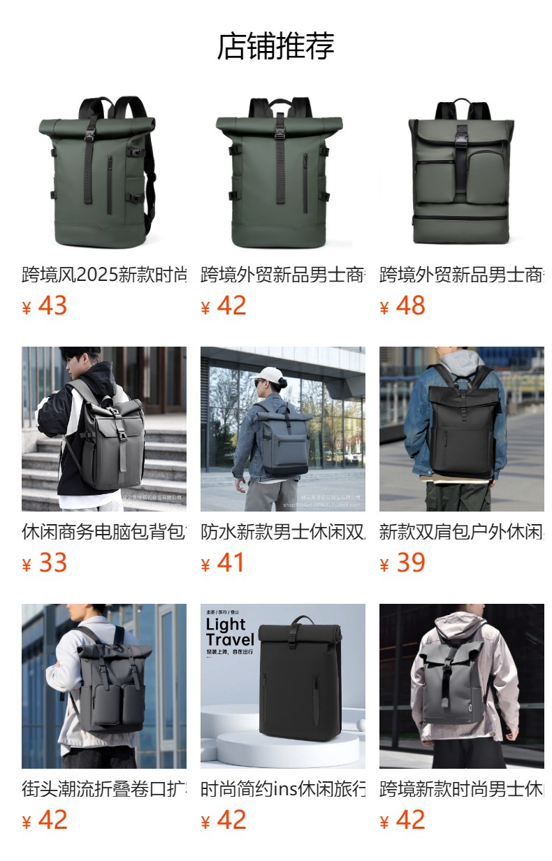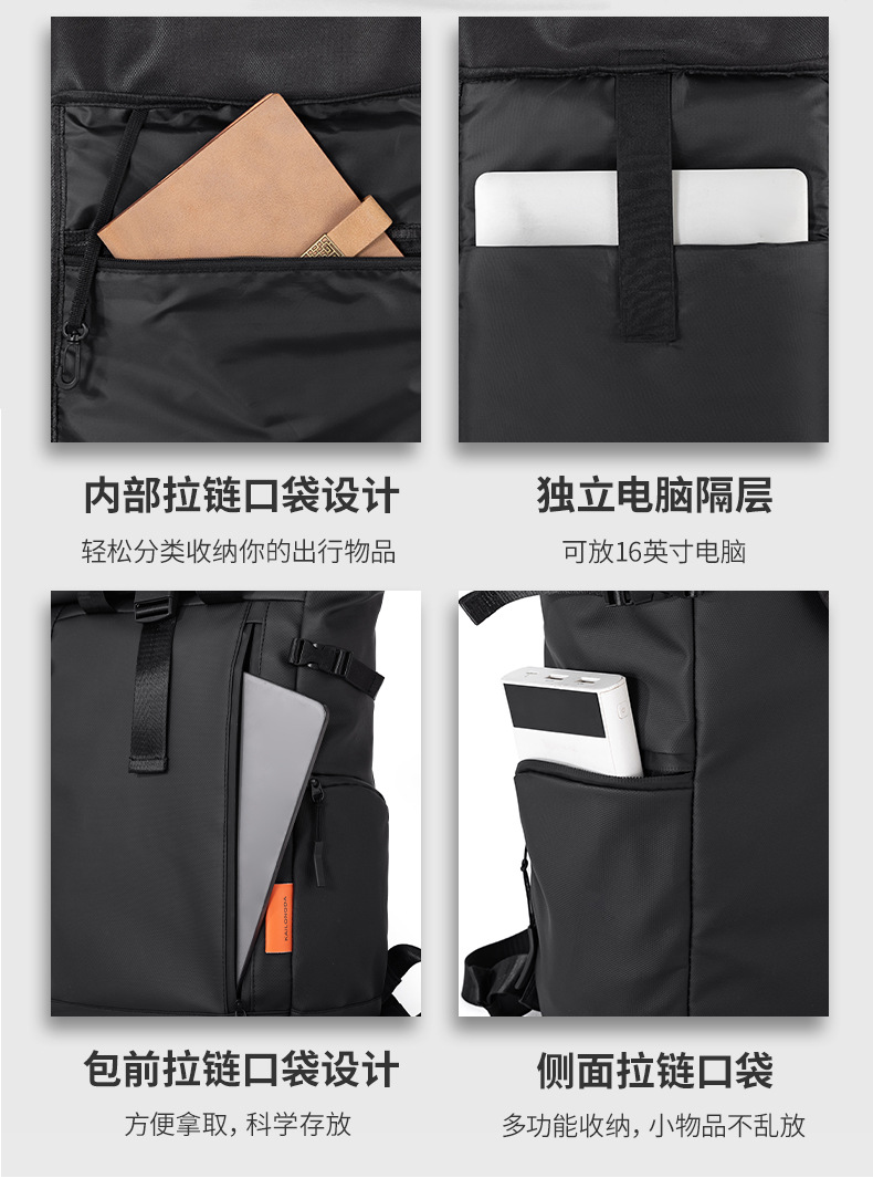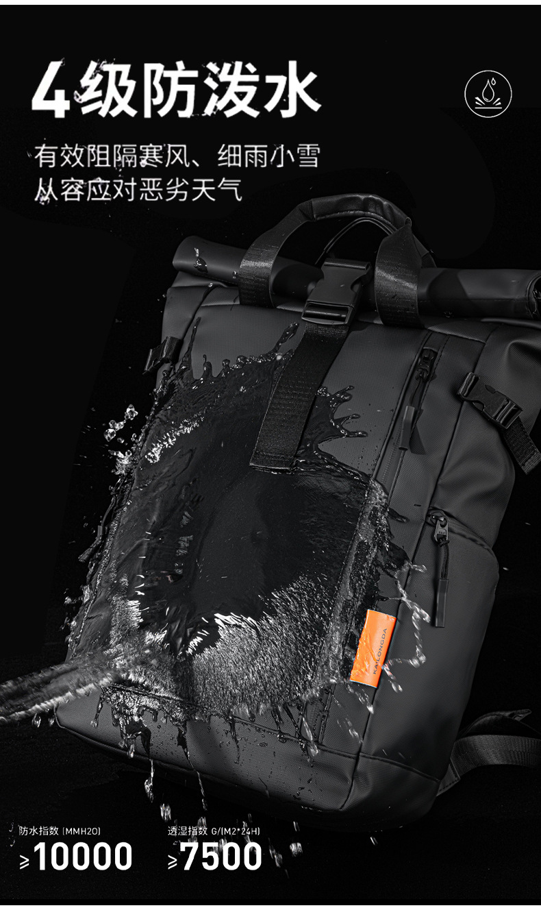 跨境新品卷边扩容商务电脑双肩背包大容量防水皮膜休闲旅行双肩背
--
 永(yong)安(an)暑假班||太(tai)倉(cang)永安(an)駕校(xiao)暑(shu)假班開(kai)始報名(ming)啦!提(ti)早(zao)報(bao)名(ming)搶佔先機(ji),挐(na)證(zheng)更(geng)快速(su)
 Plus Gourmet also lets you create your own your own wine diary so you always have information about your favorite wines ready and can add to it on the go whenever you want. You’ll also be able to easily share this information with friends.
--
What is required :: Every line above from the line with "永(yong)安(an)暑假" to the line with "Plus Gourmet also" is wanted, ends included; write them out exactly and add no other line.

Solved exercise ::
 永(yong)安(an)暑假班||太(tai)倉(cang)永安(an)駕校(xiao)暑(shu)假班開(kai)始報名(ming)啦!提(ti)早(zao)報(bao)名(ming)搶佔先機(ji),挐(na)證(zheng)更(geng)快速(su)
 Plus Gourmet also lets you create your own your own wine diary so you always have information about your favorite wines ready and can add to it on the go whenever you want. You’ll also be able to easily share this information with friends.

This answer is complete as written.